Мы с Татьяной переглянулись – и синхронно вздохнули. Семейный праздник – это такое дело, которое нужно просто пережить.
[1] Серовой актриса Валентина Половикова стала по второму мужу – летчику испытателю Анатолию Серову, который погиб в 1939 году; сына от него она родила уже после его гибели. Третьим её мужем в 1941 году стал поэт и драматург Константин Симонов, с которым они прожили 16 лет. Ходили слухи, что у Серовой был роман с Рокоссовским, но никаких документальных подтверждений этого нет. В годы войны у Рокоссовского была официальная любовница – военврач Галина Таланова, которая в 1945 году родила ему дочь Надежду.

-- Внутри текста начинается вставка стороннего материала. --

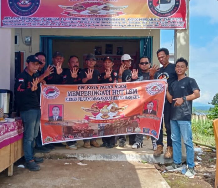 Pagar Alam,- Rajawalinews,- DPC LSM Elang Mas (Elemen Pejuang Masyarakat) Rayakan Hari jadi yang ke 4 ( Empat) tahun, Perayaan di Laksanakan di Sekretariat DPC LSM Elang Mas Kota Pagar Alam jalan Jalur dua Pematang Bango, Kelurahan Curup Jare Kecamatan Pagar Alam Urara Kota Pagar Alam, Selasa 21/10/2025.
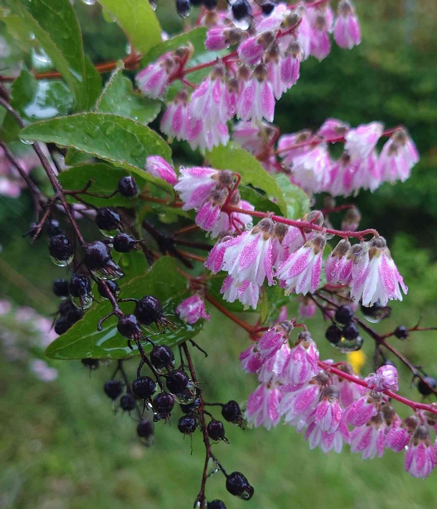八重のウツギで外側が紫紅色を帯び、内側は白色🤍🩷キレイ

[2] Мне не удалось найти полных данных на отчима Татьяны Иваненко, хотя я старался. Имя у него точно Евгений, но отчество и фамилия нигде не упоминается. Так что «Архиповича» я придумал, а с фамилией заморачиваться не стал – всё равно это не слишком важно.
[3] Даже я, человек бесконечно далекий от музыки, способен одним пальцем наиграть на клавишных, например, битловскую «Girl». Думаю, при наличии слуха подобрать мелодию труда не составит; в музыкальных школах, например, есть диктанты – ученики должны со слуха записать ноты того, что им играют, и знающие люди уверяют, что это значительно сложнее, чем подбирать ту же мелодию на инструменте. Кстати, несмотря на мою далекость от музыки, на гитаре я немного бренчу (примерно как ГГ до попадания), поэтому подсовываю «Виктору» те песни, которые способен сыграть сам – из тех соображений, что уж если я смог их освоить на каком-то уровне, то человек со слухом всяко сделает это лучше.
[4] «Чего это стоило мне» – песня Александра Пантыкина на слова Ильи Кормильцева. Написана в начале 1980-х для группы «Урфин Джюс», но в «прижизненные» альбомы этой команды не попала по странной причине: Кормильцев хотел её аранжировать в стиле других песен для альбома «Жизнь в стиле Heavy Metal», а Пантыкин, который тогда уже сворачивал на путь «нормального» композитора с правильным образованием, настаивал на одном рояльном сопровождении. В итоге эту песню Пантыкин включил в выпущенный уже в 90е сборный альбом УД «5 минут неба» и до сих пор играет на концертах, пусть нынешний «Урфин Джюс» почти никак не относится к тому, который гремел в Свердловске начала 1980-х.